Authors: Christopher Kim

Presentation type: Flash talk at SNUFA 2023 online workshop (7-8 Nov 2023)

Abstract

A network of excitatory and inhibitory (EI) spiking neurons, operating in a regime where strong excitation and inhibition are dynamically balanced, has been a seminal model for explaining asynchronous and correlated spiking activities of cortical neurons. However, due to its strong EI synaptic interactions, training large-scale balanced spiking networks to perform tasks has posed significant challenges in developing training algorithm and trainable network architecture.

In this work, we demonstrate that, using a widely used recursive least squares algorithm, neurons in the balanced network can learn to generate arbitrary firing rate patterns.

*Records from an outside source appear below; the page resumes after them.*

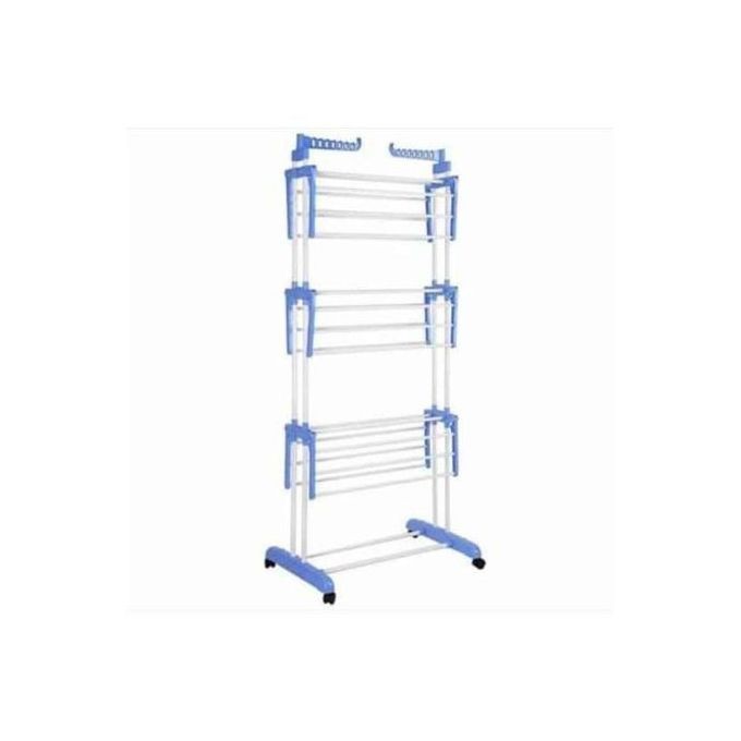 Cet étendoir à linge est idéal pour sécher et ventiler vos vêtements. Soigneusement suspendus, les vêtements ne se déforment pas et ne se froissent pas, ce qui rend le repassage inutile. Sur les nombreux tuyaux en métal, les vêtements peuvent être suspendus directement ou sur des cintres. Les 2 crochets latéraux pivotants offrent un espace supplémentaire en cas de besoin. En bas se trouve un casier à chaussures qui permet même aux chaussures de sécher plus rapidement grâce L'étendoir ou sèche linges dispose de 6 cintres pliables et de 2 barres latérales pivotantes. Ajustez le support à vos besoins. Si vous n’avez pas besoin du support, vous pouvez le plier et le ranger pour gagner de la place Ce séchoir à linge est équipé de 4 roues qui roulent facilement pour vous permettre de placer facilement le support dans n'importe quelle pièce. Deux des roues sont équipées de freins de stationnement afin de pouvoir fixer le support de manière stable L'étendoir à linge est composé de tuyaux en fer et de plastique dur de haute qualité, pour un long plaisir. Le support étant également très stable, il peut facilement supporter de nombreux vêtements Ce Sèche linge ou séchoir à linge est fourni avec tous les accessoires et peut être installé rapidement grâce à un manuel clair. Une fois que vous avez le stand, vous pouvez l'utiliser, alors n'hésitez pas
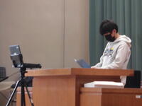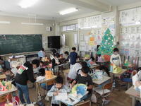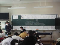 授業の様子です。給食の時間に、卒業生と在校生の代表によるお別れの会(引き継ぎ)をリモートで実施しました。。
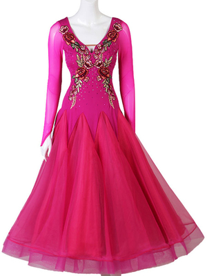 Costume De Danse De Salon Brodé À Volants Rose Rouge Femmes
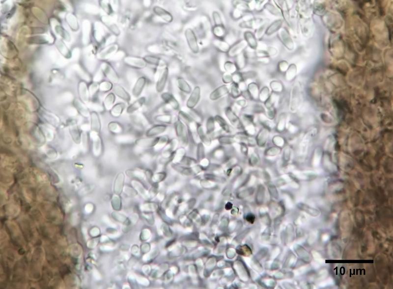 Abundant simple hyaline conidia were formed, measuring around 4-4.5 x 1.5-1.8.
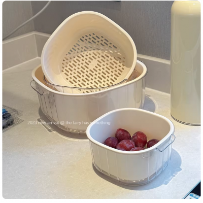 双层洗菜盆沥水篮厨房家用客厅茶几塑料水果果盘篮子盆子淘菜盆篮

We show that modifying plastic synapses much sparser than the initial EI connections is sufficient to produce target activity patterns fluctuating around the spike threshold.

We apply this training scheme to train a subset of excitatory neurons in the balanced network to reproduce the spiking rate patterns of Pyramidal neurons recorded from motor cortex involved in memory-guided decision-making task. We find that inhibitory neurons in the balanced network, which are not trained, also generate firing rate patterns similar to the trained excitatory neurons, demonstrating that the activity learned in a subset of neurons can spread to the entire network. Moreover, the firing rate patterns of the untrained inhibitory neurons closely match the rate patterns of fast-spiking neurons in the motor cortex, held out from training dataset. This suggests that the strong EI connections, creating the balanced state and independent of the task, could be involved in spreading task-related activities across the cortical network. Analysis of optogenetic perturbation responses suggests that cortical network could operate in the balanced regime.

In sum, our work suggests that task-related activity observed in cortical regions during behavior can emerge from a subset of neurons with sparse synaptic reorganization and propagate to the rest of the network through the strong, task-independent synapses.